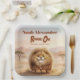 Safari theme first birthday paper plates featuring an original character from the Hystrix Little Thoughts® collection. This design features Zuberi: a charming fluffy leopard character, whose name means “strong” and “powerful,” adding a meaningful and symbolic touch to this “Roaring One” birthday. Set in a soft watercolor African safari landscape with warm earth tones, gentle hills, and acacia trees, this invitation creates a sweet and adventurous atmosphere, perfect for a wild one safari party or baby boy first birthday.
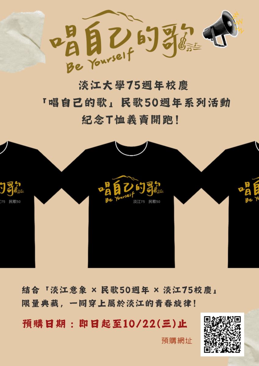 三、本次亦推出【唱自己的歌-民歌50紀念T恤】義賣活動,結合「淡江意象 × 民歌50週年 × 淡江75校慶」,限量典藏,一同穿上屬於淡江的青春回憶!。
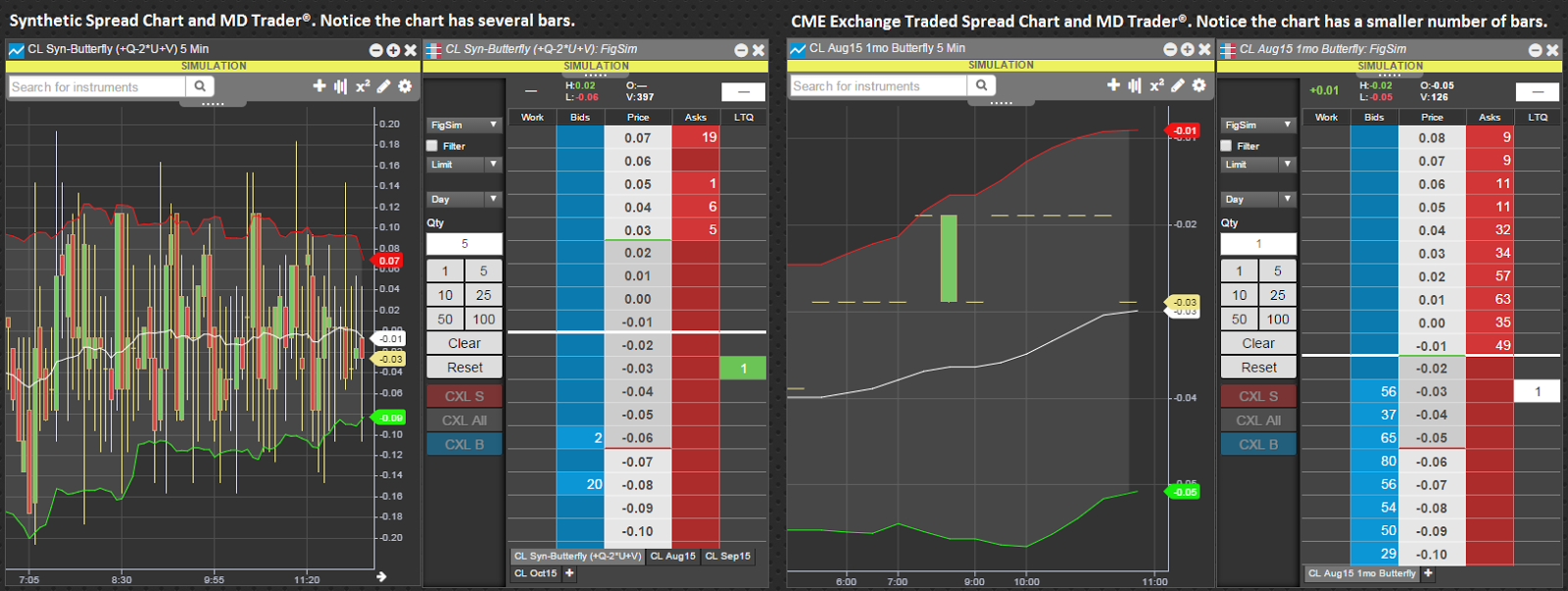 Synthetic spread charts (L) will have more data and provide more information about how a spread moves compared to exchange traded spread charts (R). |
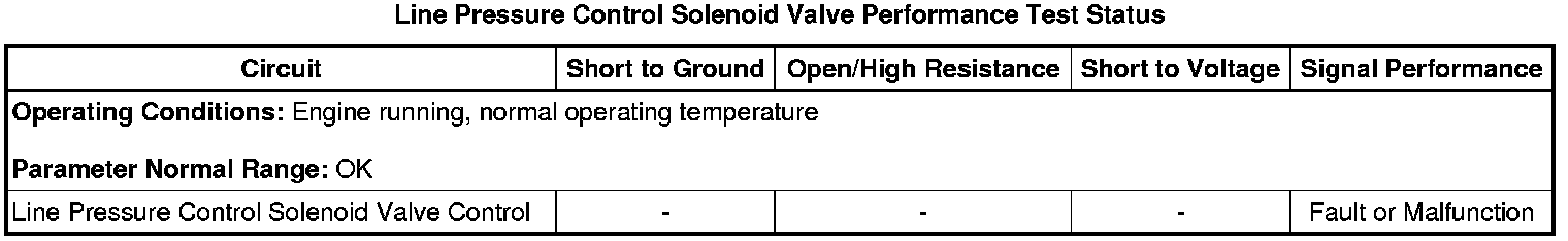 * Line Pressure Control Solenoid Valve Performance Test Status
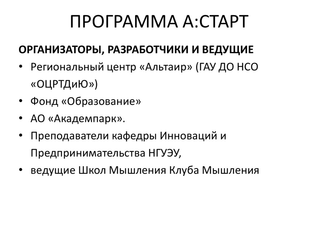 ПРОГРАММА А:СТАРТОРГАНИЗАТОРЫ, РАЗРАБОТЧИКИ И ВЕДУЩИЕ
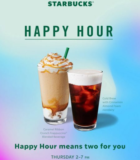 Buy a grande or larger handcrafted beverage, and get one of equal or lesser value free during Happy Hour on Thursday, July 9, 2020 from 2pm–7pm (in your time zone). Excludes hot brewed coffee, hot brewed tea, ready–to–drink beverages and Starbucks Reserve beverages

* * *

_Instructions for the task_
Could you copy every record above exactly, leaving out the pictures?

_Written reply_
 Safari theme first birthday paper plates featuring an original character from the Hystrix Little Thoughts® collection. This design features Zuberi: a charming fluffy leopard character, whose name means “strong” and “powerful,” adding a meaningful and symbolic touch to this “Roaring One” birthday. Set in a soft watercolor African safari landscape with warm earth tones, gentle hills, and acacia trees, this invitation creates a sweet and adventurous atmosphere, perfect for a wild one safari party or baby boy first birthday.
 三、本次亦推出【唱自己的歌-民歌50紀念T恤】義賣活動,結合「淡江意象 × 民歌50週年 × 淡江75校慶」,限量典藏,一同穿上屬於淡江的青春回憶!。
 Synthetic spread charts (L) will have more data and provide more information about how a spread moves compared to exchange traded spread charts (R). |
 * Line Pressure Control Solenoid Valve Performance Test Status
 ПРОГРАММА А:СТАРТОРГАНИЗАТОРЫ, РАЗРАБОТЧИКИ И ВЕДУЩИЕ
 Buy a grande or larger handcrafted beverage, and get one of equal or lesser value free during Happy Hour on Thursday, July 9, 2020 from 2pm–7pm (in your time zone). Excludes hot brewed coffee, hot brewed tea, ready–to–drink beverages and Starbucks Reserve beverages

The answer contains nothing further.